Kingston, ON – Potentially deadly antibiotic-resistant infections such as C difficile have a higher rate of occurrence in Canada’s large and teaching hospitals, a new national study by Queen’s University shows.
Other super bugs identified in the study are methicillin-resistant Staphylococcus aureus (MRSA) and vancomycin-resistant Enterococcus (VRE).
"Our findings underscore the need for immediate improvements to infection control measures in many acute care hospitals – particularly in large and teaching facilities where more complicated types of surgery occur," says Dr Dick Zoutman, an epidemiologist at Queen’s, who is also director of infection control services at Kingston General Hospital and co-chair of Ontario’s permanent Provincial Infectious Diseases Committee. Dr Zoutman headed the study.
Also, there is a clear link between the incidence of these antibiotic-resistant organisms and a hospital’s infection tracking and prevention activities, the researchers discovered.
"We now have proof that hospitals which carry out specific infection control prevention activities are more able to control these potentially fatal infections," says Dr Zoutman.
Results of the Health Canada study, co-authored by research associate Douglas Ford of Queen’s Department of Pathology and Molecular Medicine and the Canadian Hospital Epidemiology Committee, will be published in the February 2005 issue of the American Journal of Infection Control (AJIC).
The current research builds on a national survey conducted by Dr Zoutman and Mr Ford that was published in the AJIC in August 2003. The earlier study showed that the majority of Canada’s acute care hospitals fall short of the minimum recommendations for effective infection prevention programs.
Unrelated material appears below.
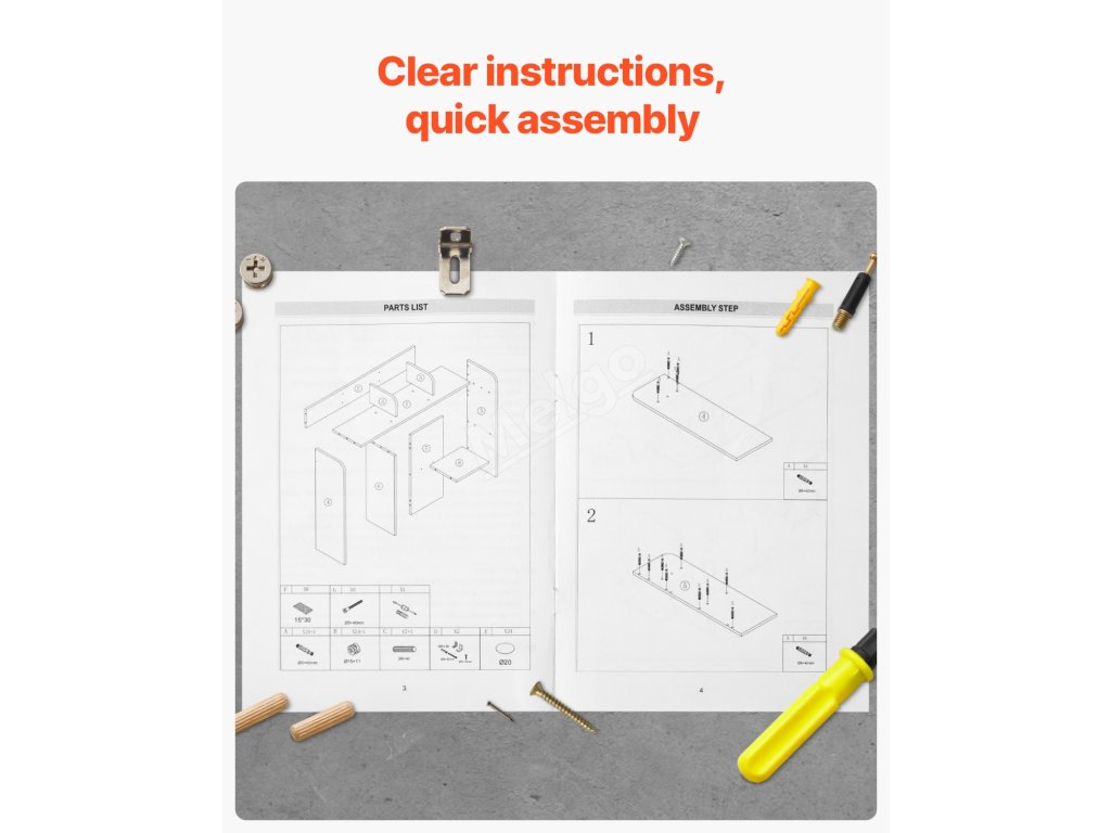 Podrobný návod k montáži naleznete v uživatelské příručce, která vám umožní tento stolní regál snadno a rychle sestavit.

These shortfalls result in over 200,000 hospital-acquired infections per year in Canada and over 8,000 deaths.
In the new study, participants from the national survey were asked to provide data on the number of occurrences in their facilities of the serious hospital infections C difficile, methicillin-resistant Staphylococcus aureus (MRSA) and vancomycin-resistant Enterococcus (VRE).
Two key practices were found in hospitals with lower infection rates:
-Active and targeted surveillance to identify and count cases of hospital infections
– Teaching infection control practices to staff who work in hospitals
"Antibiotic-resistant infections are becoming an increasingly significant problem in Canada, and will only get worse if recommended infection control procedures aren’t put into place," says Dr Zoutman. "The bottom line in this study is that if you increase the intensity of infection surveillance and control in hospitals, you can reasonably expect reduced rates of antibiotic-resistant organisms, resulting in decreased costs and fewer deaths."
"Hospital infections are estimated to directly cost our hospitals one billion dollars per year, and this is a low estimate," he continues. "If we implemented fully in our hospitals all of the infection prevention activities that we now know work, we could expect to save 2,400 to 4,000 lives each year from avoidable infections in our hospitals.
"We would also greatly improve wait times and access for care in our overcrowded and very busy hospitals. Investing in hospital infection prevention offers very large rewards," he adds.